Sui mercati è scoppiata la febbre del petrolio. Dall’ultimo rapporto della CFTC (Commodity Futures Trading Commission), emerge che nella settimana terminata il 15 novembre le scommesse rialziste e ribassiste sul WTI sono salite sulle borse dei future e delle opzioni a 1,47 milioni di contratti. Si tratta del più alto livello dal 2007. Martedì scorso il volume degli scambi dei call che danno il diritto di acquistare un future sul WTI ha raggiunto un livello record. L’indice CBOE Crude Oil Volatility, che misura le aspettative di oscillazione del prezzo del greggio, è balzato inoltre ai massimi da aprile.
La tensione sui mercati sta crescendo di giorno in giorno con l’avvicinarsi del vertice dell’OPEC del prossimo 30 novembre. Gli investitori vogliono proteggersi da inattesi movimenti dei prezzi.
L’OPEC ha raggiunto a fine settembre ad Algeri un accordo preliminare per limitare la sua produzione a 32,5-33 milioni di barili al giorno. Tuttavia, a circa una settimana dalla riunione semestrale nella capitale austriaca, i membri del cartello non hanno potuto finora accordarsi sui contributi dei singoli Paesi.
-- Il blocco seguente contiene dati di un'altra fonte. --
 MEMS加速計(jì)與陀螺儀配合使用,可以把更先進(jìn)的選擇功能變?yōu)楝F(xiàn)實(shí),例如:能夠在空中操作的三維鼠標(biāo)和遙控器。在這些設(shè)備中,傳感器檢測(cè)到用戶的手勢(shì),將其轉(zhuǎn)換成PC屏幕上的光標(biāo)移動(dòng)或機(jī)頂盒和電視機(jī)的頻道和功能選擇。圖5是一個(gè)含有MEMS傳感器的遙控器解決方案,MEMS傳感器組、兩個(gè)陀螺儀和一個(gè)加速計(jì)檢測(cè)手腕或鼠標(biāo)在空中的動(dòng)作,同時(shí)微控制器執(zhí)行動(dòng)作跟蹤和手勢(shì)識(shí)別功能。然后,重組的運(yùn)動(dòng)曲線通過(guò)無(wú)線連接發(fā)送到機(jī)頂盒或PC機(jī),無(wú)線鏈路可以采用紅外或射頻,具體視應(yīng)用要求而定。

La maggior parte degli analisti è scettica e non crede che l’OPEC riuscirà a realizzare il suo piano volto a frenare l’offerta. I principali produttori dell’organizzazione hanno invece espresso ultimamente ottimismo. Il ministro saudita del Petrolio Khaled al-Faleh, ha dichiarato la scorsa settimana che è “imperativo” che i Paesi dell’OPEC trovino un accordo per implementare i tagli alla produzione. Sabato il ministro iraniano del Petrolio, Bijan Namdar Zanganeh, ha affermato che un accordo è “altamente probabile”.
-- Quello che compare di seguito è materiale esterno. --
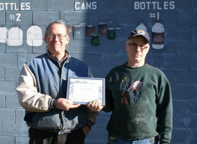 Tom Degen (left) Executive Director CCSWA presents Stephen For the past four years, the Calhoun County Solid Waste Authority has chosen a recycling champion to coincide with America Recycles Day, held each November. Calhoun's 2009 recycling champion is Cain Farms of Big Bend, WV, operated by Francis and Donna Cain. Cain Farms brings all of its paper feed bags from its large cattle operation to Cabot Recycling Station for recycling. By recycling its feedbags, Cain Farms is helping fight climate change, avoiding costly disposal fees, and conserving resources. Every ton of paper recycled saves 17 trees and 7,000 gallons of water. The executive director of the Calhoun County Solid Waste Authority presented the 2009 Recycling Champion Award to Stephen Beecher of Cain Farms on November 13 at Cabot Recycling Station. As part of acknowledging Cain Farms' significant recycling leadership, the Calhoun County Solid Waste Authority would like to point out that we all benefit from their efforts, which provide for a better tomorrow. Cabot Recycling Station is open to accept recyclables 24 hours a day, seven days a week. Nonferrous metals are purchased on Tuesday, Thursday, and Saturday. Call 304-354-7786 for more information.

Anche il segretario generale dell’OPEC, Mohammed Barkindo, ha dichiarato di essere fiducioso che il cartello potrà ridurre il livello record delle scorte e far proseguire il ribilanciamento del mercato.
Ad incrementare la tensione sul prezzo del petrolio è stata anche l’elezione di Donald Trump a presidente degli Stati Uniti. L’inattesa vittoria del tycoon newyorkese ha avuto forti ripercussioni su Wall Street. Gli investitori stanno ancora studiando quale saranno le conseguenze di un’amministrazione repubblicana per il greggio.
In questo contesto i cosiddetti Commercial, ovvero quei trader che sono coinvolti nella produzione o nella vendita del sottostante del future, hanno incrementato le posizione corte, ovvero la protezione contro un calo del WTI, ai massimi livelli dal marzo del 2011. I contratti ribassisti sono cresciuti di 66.613 unità nelle ultime due settimane dopo che il prezzo del petrolio è risceso bruscamente da un picco di oltre 50 al barile.
Allo stesso tempo le posizioni nette lunghe sul WTI tenute dai gestori sono aumentate di 3.906 contratti a 163.321 contratti. Si è trattato del primo aumento da metà ottobre.